# ACTION ITEM
Transcribe exactly, and only, the lines from the one with "a bad mechanic." through the end of the records below, including both of those lines. Skip all pictures.

(Source data)
++++++++

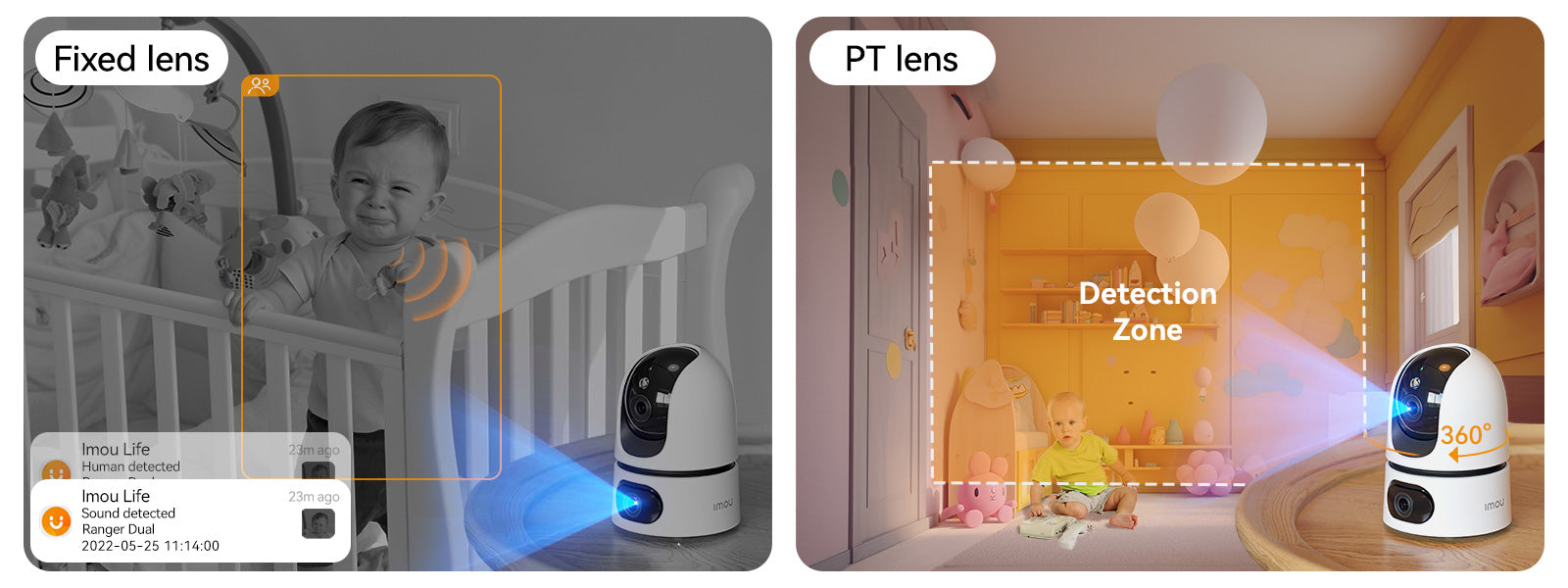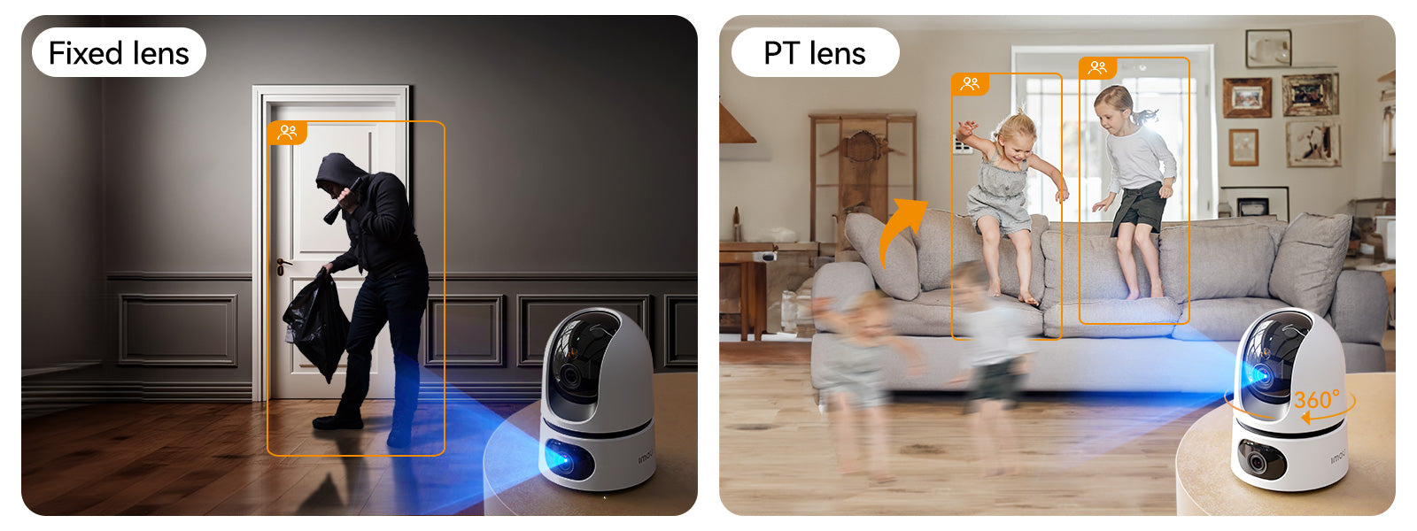 The [objectif PT] offers [suivi automatique à 360°], suivant intelligemment les enfants et les animaux qui se déplacent. Vous pouvez communiquer clairement avec votre famille ou vos animaux de compagnie à tout moment grâce à la fonction [talkie-walkie], même lorsque vous n'êtes pas chez vous. Pendant ce temps, notre [objectif fixe] monte la garde à votre entrée, constituant la première défense contre les visiteurs indésirables, vous alertant instantanément de tout accès non autorisé.
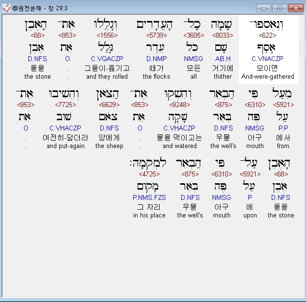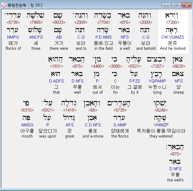 히브리어구약BHS,2 וַיַּרְא וְהִנֵּה בְאֵר בַּשָּׂדֶה וְהִנֵּה־שָׁם שְׁלֹשָׁה עֶדְרֵי־צֹאן רֹבְצִים עָלֶיהָ כִּי מִן־הַבְּאֵר הַהִוא יַשְׁקוּ הָעֲדָרִים וְהָאֶבֶן גְּדֹלָה עַל־פִּי הַבְּאֵר׃
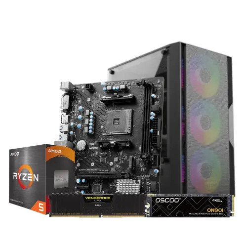 The AMD Ryzen 5 5600G Desktop PC is a well-assembled package made for multitaskers, gamers, and producers that will revolutionize your computing experience. The AMD Ryzen 5 5600G processor with Radeon Graphics, which provides unmatched speed and responsive performance, is at the center of it. There is no need for a separate GPU thanks to its integrated graphics, which guarantee fluid gameplay and creative tasks. This system offers a stable and effective foundation when paired with the dependable MSI B450M-A PRO MAX II AMD AM4 Motherboard. It supports PCIe components and high-speed memory, all of which are contained in a small form factor. The system is equipped with 8GB of Corsair Vengeance LPX DDR4 RAM, running at an impressive 3200MHz. This ensures lag-free multitasking and enhances overall system efficiency, perfectly complementing the Ryzen architecture. For storage, the OSCOO ON901 256GB PCIe NVMe M.2 SSD delivers lightning-fast boot times, quick game loading, and seamless file transfers, outperforming traditional SATA SSDs. All these powerful components are housed in the T-Wolf Phantom X4 RGB M-ATX Mid Tower Gaming Case With 200W PSU, a visually stunning addition to any setup. With customizable RGB lighting and a pre-installed 250W PSU, it combines style and functionality in one sleek package. This desktop PC is designed to meet all your needs, whether gaming, multitasking, or creative work. The powerful processor, high-speed RAM, and ultra-fast SSD deliver superior performance, while the motherboard ensures long-term upgradeability. Choose the AMD Ryzen 5 5600G Desktop PC and experience unmatched performance, style, and reliability for every task.
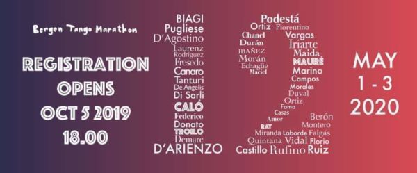 Start: 2022-05-05// End: 2022-05-08// Location: Bergen// NO. Welcome to the 12th Bergen Tango Marathon! Registration at www.bergentangomarathon.no The marathon takes place at Fensal in the center of Bergen, where you will enjoy great music and a wonderful dance floor, lots of fabulous food (all youStart: 2022-05-05// End: 2022-05-08// Location: Bergen// NO.
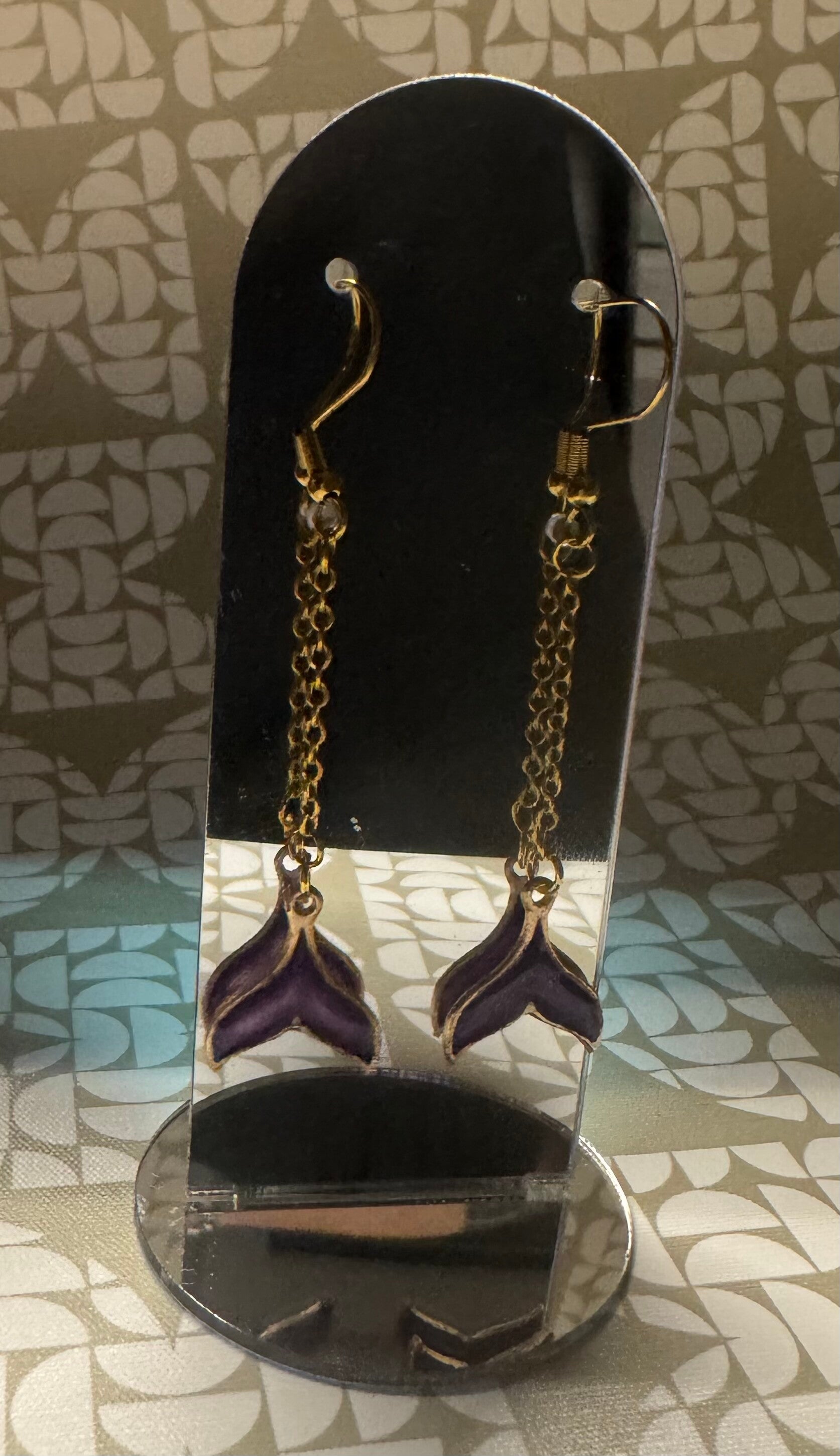 Pendientes largos con cadena dorada y colgante en forma de cola de sirena en tono morado con bordes dorados. Un diseño elegante y original que combina fantasía y estilo, perfecto para quienes buscan un accesorio único y llamativo.
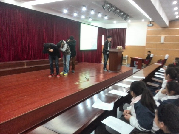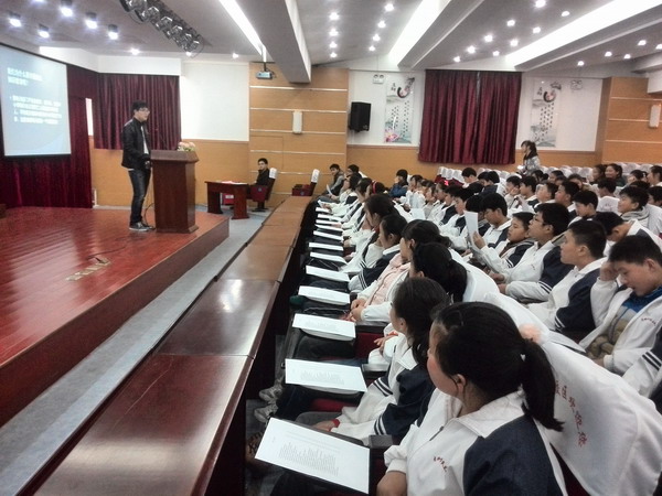下午,志愿者们准时来到龙湖中学民生校区,在相关工作人员的带领下来到了龙湖中学报告厅。在历时一个半小时的讲座中,主讲人张思齐同学结合PPT课件向同学们详细地讲解了有关交通、防火、防电、防盗、防溺水以及预防校园暴力等多方面的安全知识,志愿者们还通过现场模拟的方式来给同学们进行演示。图文并茂、理论结合案例、生动活泼的讲解得到了老师、同学们的认可,大家听得津津有味。最后,志愿者们还向同学们发放了安全主题调查问卷,以便获得更具有针对性的意见或建议,为今后更好地开展此项志愿者活动做指导。
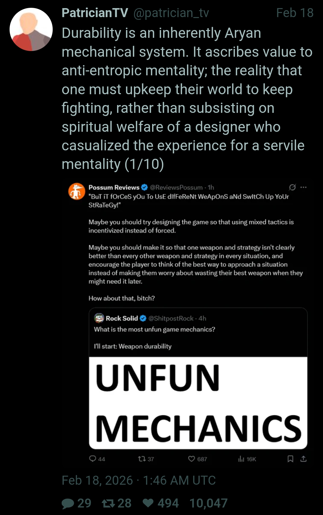>>558092945Durability is a good mechanic that is often implemented poorly. Most people only have experience with it in said poor implementations and as a result believe it to be a bad mechanic.
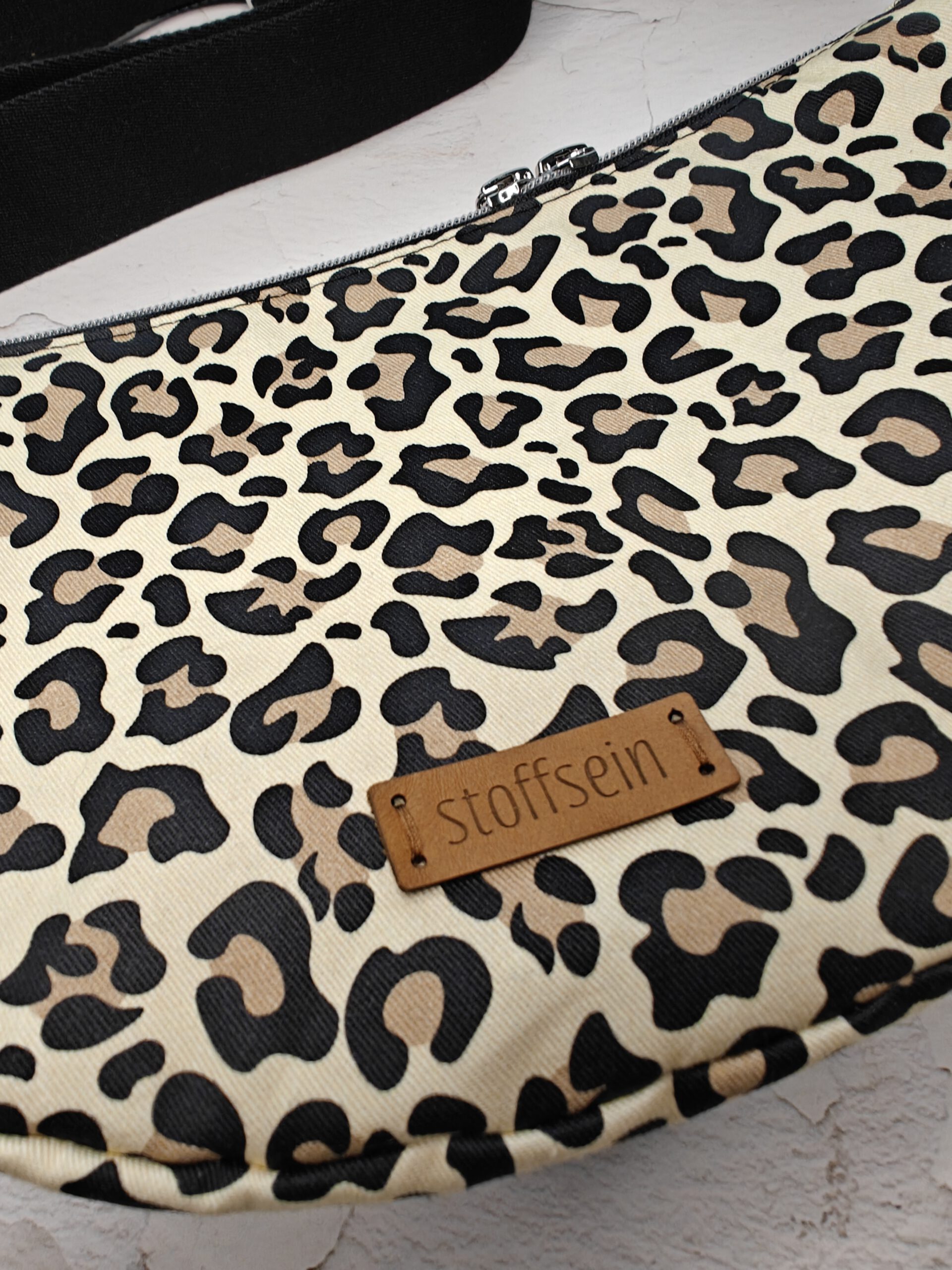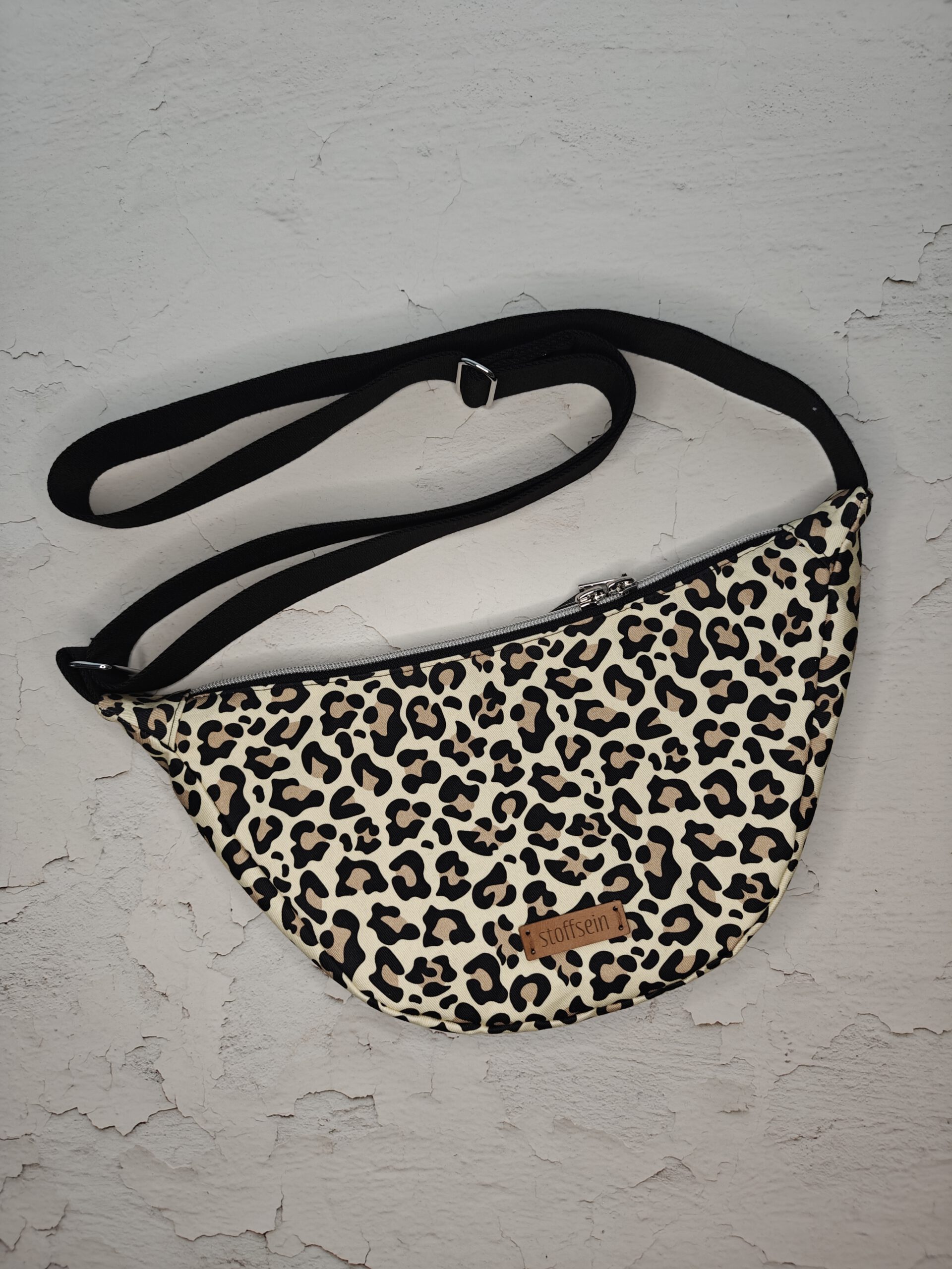 Umhängetasche im Halbmondstil aus dem schönen Leostoff und einem 4 cm breitem verstellbarem Gurtband in schwarz.

++++++++

# RESPONSE TO THIS EXERCISE
>>558092945Durability is a good mechanic that is often implemented poorly. Most people only have experience with it in said poor implementations and as a result believe it to be a bad mechanic.
 Umhängetasche im Halbmondstil aus dem schönen Leostoff und einem 4 cm breitem verstellbarem Gurtband in schwarz.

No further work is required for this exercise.